Transformative AI and Compute [Summary]

By lennart @ 2021-09-23T13:53 (+66)

This is the summary of the series Transformative AI and Compute - A holistic approach. You can find the sequence here and the links to the posts below:

0. Executive Summary

This series attempts to:

Introduce a simplified model of computing which serves as a foundational concept (Part 1 - Section 1).
Discuss the role of compute for AI systems (Part 1 - Section 2).
- In Part 1 - Section 2.3 you can find the updated compute plot you have been coming for.
Explore the connection of compute trends and more capable AI systems over time (Part 1 - Section 3).
Discuss the compute component in forecasting efforts on transformative AI timelines (Part 2 - Section 4)
Propose ideas for better compute forecasts (Part 2 - Section 5).
Briefly outline the relevance of compute for AI Governance (Part 3 - Section 6).
Conclude this report and discuss next steps (Section 7).
Provide a list of connected research questions (Appendix A).
Present common compute metrics and discusses their caveats (Appendix B).
Provide a list of Startups in the AI Hardware domain (Appendix C).

Abstract

Modern progress in AI systems has been driven and enabled mainly by acquiring more computational resources. AI systems rely on computation-intensive training runs — they require massive amounts of compute.

Learning about the compute requirements for training existing AI systems and their capabilities allows us to get a more nuanced understanding and take appropriate action within the technical and governance domain to enable a safe development of potential transformative AI systems.

To understand the role of compute, I decided to (a) do a literature review, (b) update existing work with new data, (c) investigate the role of compute for timelines, and lastly, (d) explore concepts to enhance our analysis and forecasting efforts.

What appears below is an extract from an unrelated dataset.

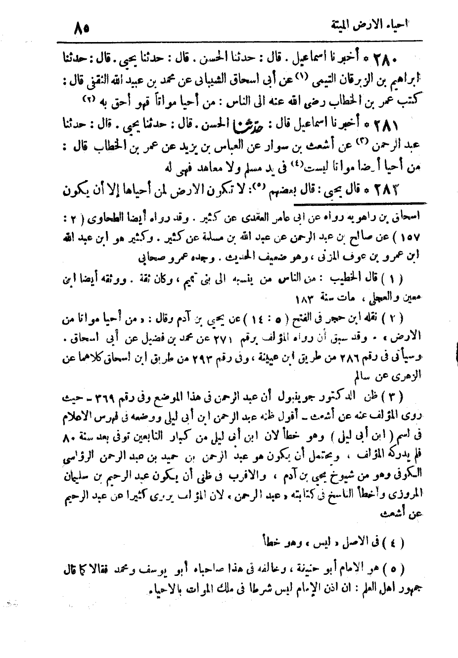 282 - " قَالَ يَحْيَى: قَالَ بَعْضُهُمْ: لَا تَكُونُ الْأَرْضُ لِمَنْ أَحْيَاهَا، إِلَّا أَنْ يَكُونَ -[86]- ذَلِكَ بِإِذْنِ الْإِمَامِ، وَقَالَ بَعْضُهُمْ: إِنْ لَمْ يَعْلَمْ بِهِ الْإِمَامُ حَتَّى يُحْيِيَهَا، فَهِيَ لَهُ. وَقَدْ جَاءَتِ الْآثَارُ: مَنْ أَحْيَا أَرْضًا مَيْتَةً فِي غَيْرِ حَقِّ مُسْلِمٍ، وَلَا مُعَاهَدٍ فَهِيَ لَهُ، وَمَنِ احْتَفَرَ بِئْرًا فَلَهُ حَرِيمُهَا أَرْبَعُونَ ذِرَاعًا " وَلَيْسَ فِي الْحَدِيثِ: " بِإِذْنِ الْإِمَامِ "

In this piece, I present a brief analysis of AI systems’ compute requirements and capabilities, explore compute’s role for transformative AI timelines, and lastly, discuss the compute governance domain.

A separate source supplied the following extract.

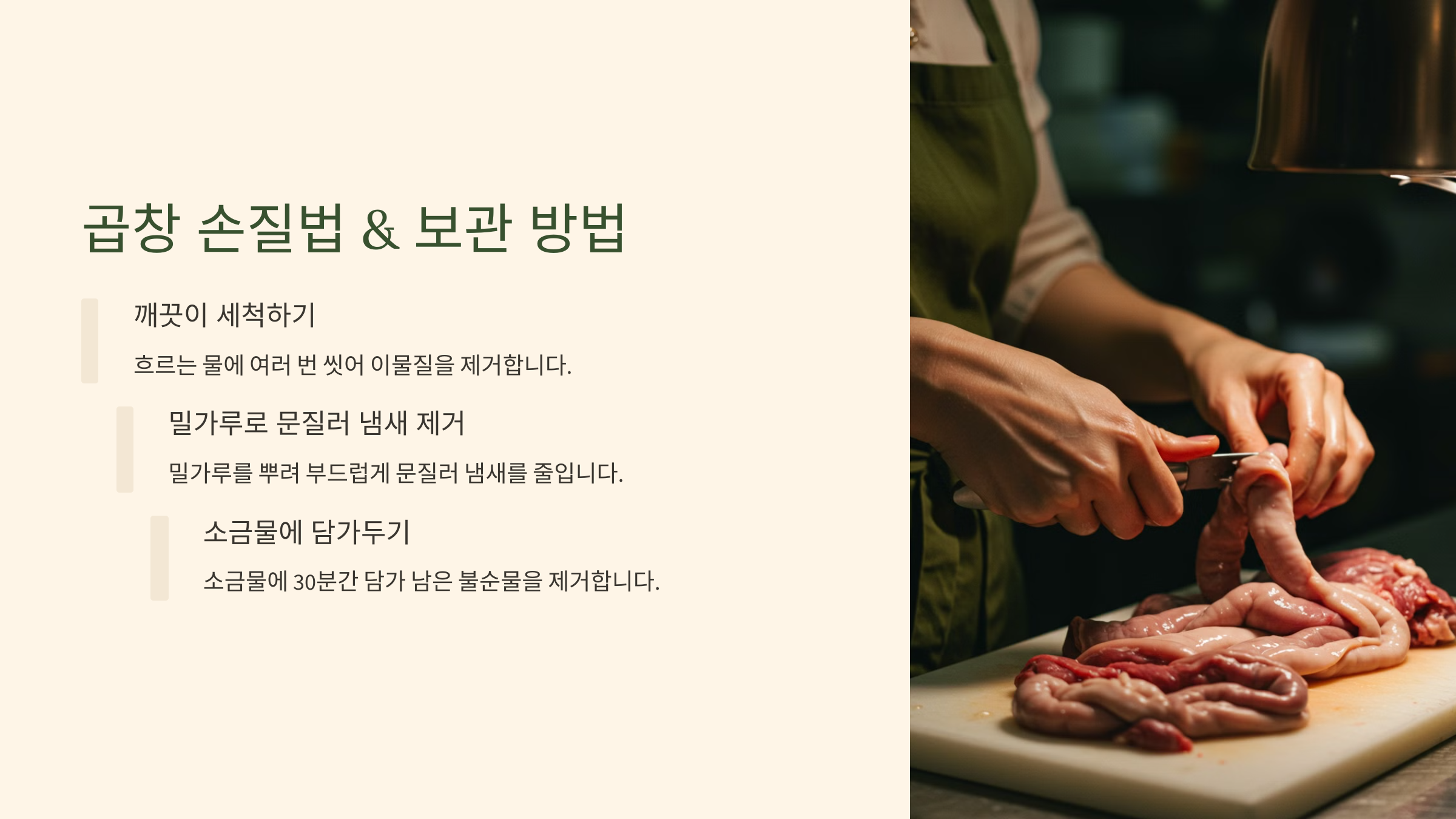 - 손질 방법: 곱창을 흐르는 물에 깨끗이 씻고, 밀가루나 소금을 이용해 잡내를 제거해주세요.

I find that compute, next to data and algorithmic innovation, is a crucial contributor to the recent performance of AI systems. We identify a doubling time of 6.2 months for the compute requirements of the final training run of state-of-the-art AI systems from 2012 to the present.
Next to more powerful hardware components, the spending on AI systems and the algorithmic innovation are other factors that inform the amount of effective compute available — which itself is a component for forecasting models on transformative AI.

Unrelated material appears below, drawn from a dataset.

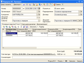 Документ «Передача ОС» Рис.32 предназначен для отражения в учет снятия баланса (налогового учета) объектов основных средств, подготовленных к выбытию, а также объектов, по которым подготовка к передаче и выбытие происходит одновременно (в одном отчетном месяце).

Therefore, as compute is a significant component and driver of AI systems’ capabilities, understanding the developments of the past and forecasting future results is essential. Compared to the other components, the quantifiable nature of compute makes it an exciting aspect for forecasting efforts and the safe development of AI systems.

I consequently recommend additional investigations in highlighted components of compute, especially AI hardware. As compute forecasting and regulations require an in-depth understanding of hardware, hardware spending, the semiconductor industry, and much more, we recommend an interdisciplinary effort to inform compute trends interpretations and forecasts. Those insights can then be used to inform policymaking, and potentially regulate access to compute.

Epistemic Status

This article is Exploratory to My Best Guess. I've spent roughly 300 hours researching this piece and writing it up. I am not claiming completeness for any enumerations. Most lists are the result of things I learned on the way and then tried to categorize.

I have a background in Electrical Engineering with an emphasis on Computer Engineering and have done research in the field of ML optimizations for resource-constrained devices — working on the intersection of ML deployments and hardware optimization. I am more confident in my view on hardware engineering than in the macro interpretation of those trends for AI progress and timelines.

This piece was a research trial to test my prioritization, interest, and fit for this topic. Instead of focusing on a single narrow question, this paper and research trial turned out to be more broad — therefore a holistic approach. In the future, I’m planning to work more focused on a narrow relevant research question within this domain. Please reach out.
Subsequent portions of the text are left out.